** Exercise data follows **

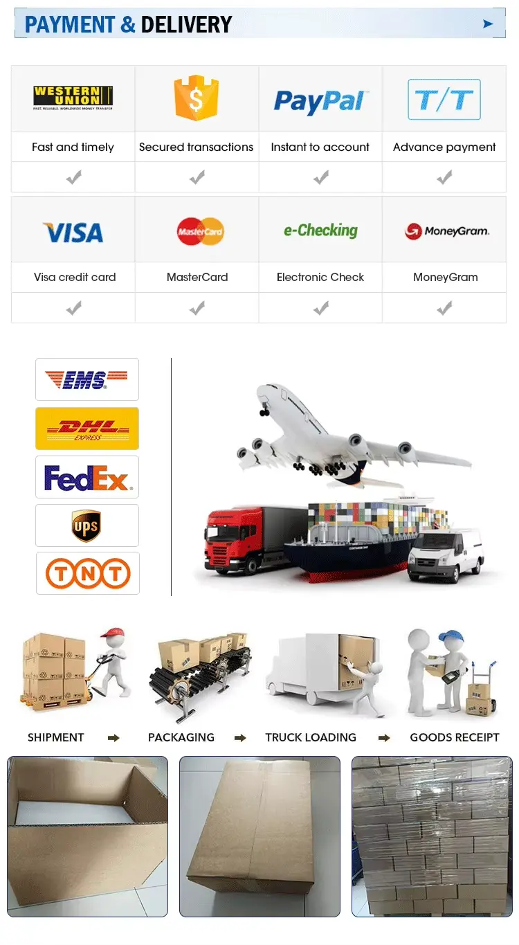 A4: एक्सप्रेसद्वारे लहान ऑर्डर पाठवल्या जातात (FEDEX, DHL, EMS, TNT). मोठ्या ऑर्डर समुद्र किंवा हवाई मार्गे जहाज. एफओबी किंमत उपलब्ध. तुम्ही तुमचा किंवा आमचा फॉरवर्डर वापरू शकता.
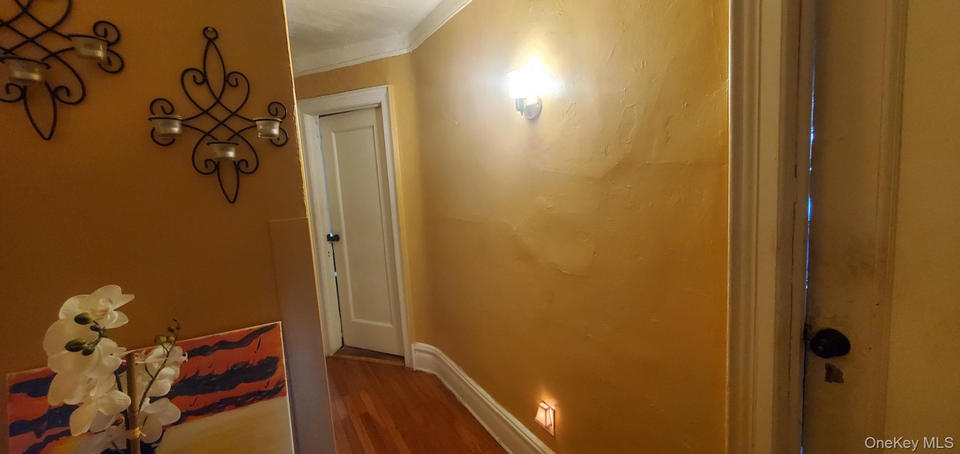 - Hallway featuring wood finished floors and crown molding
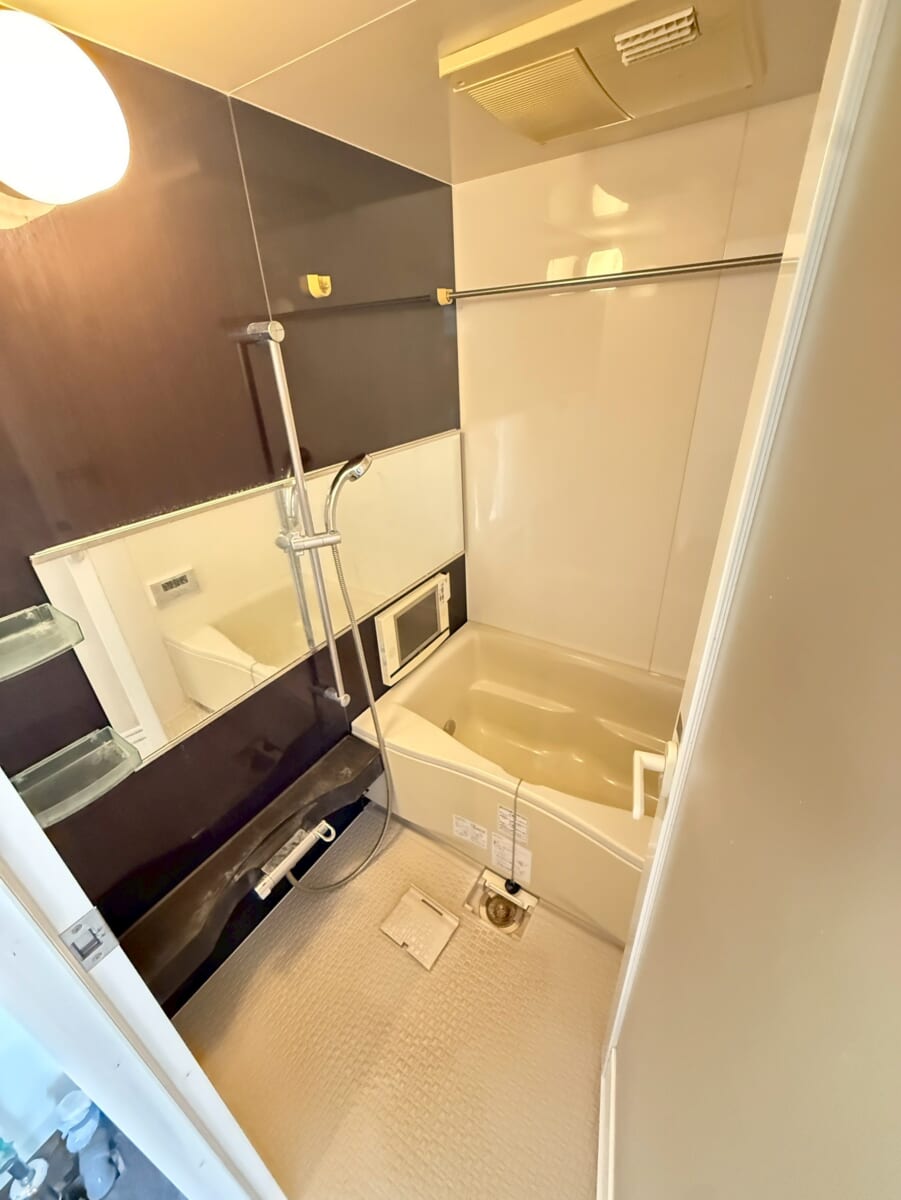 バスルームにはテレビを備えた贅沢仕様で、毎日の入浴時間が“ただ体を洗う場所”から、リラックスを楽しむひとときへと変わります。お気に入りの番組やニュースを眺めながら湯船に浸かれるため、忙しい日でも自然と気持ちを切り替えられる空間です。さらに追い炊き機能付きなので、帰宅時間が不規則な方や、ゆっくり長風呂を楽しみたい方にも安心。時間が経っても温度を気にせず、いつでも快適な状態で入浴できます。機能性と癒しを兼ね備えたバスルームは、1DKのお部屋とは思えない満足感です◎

** End of Exercise data **

## [What is needed]
Repeat all the material exactly, but keep pictures out of the copy.

## [The completed task]
 A4: एक्सप्रेसद्वारे लहान ऑर्डर पाठवल्या जातात (FEDEX, DHL, EMS, TNT). मोठ्या ऑर्डर समुद्र किंवा हवाई मार्गे जहाज. एफओबी किंमत उपलब्ध. तुम्ही तुमचा किंवा आमचा फॉरवर्डर वापरू शकता.
 - Hallway featuring wood finished floors and crown molding
 バスルームにはテレビを備えた贅沢仕様で、毎日の入浴時間が“ただ体を洗う場所”から、リラックスを楽しむひとときへと変わります。お気に入りの番組やニュースを眺めながら湯船に浸かれるため、忙しい日でも自然と気持ちを切り替えられる空間です。さらに追い炊き機能付きなので、帰宅時間が不規則な方や、ゆっくり長風呂を楽しみたい方にも安心。時間が経っても温度を気にせず、いつでも快適な状態で入浴できます。機能性と癒しを兼ね備えたバスルームは、1DKのお部屋とは思えない満足感です◎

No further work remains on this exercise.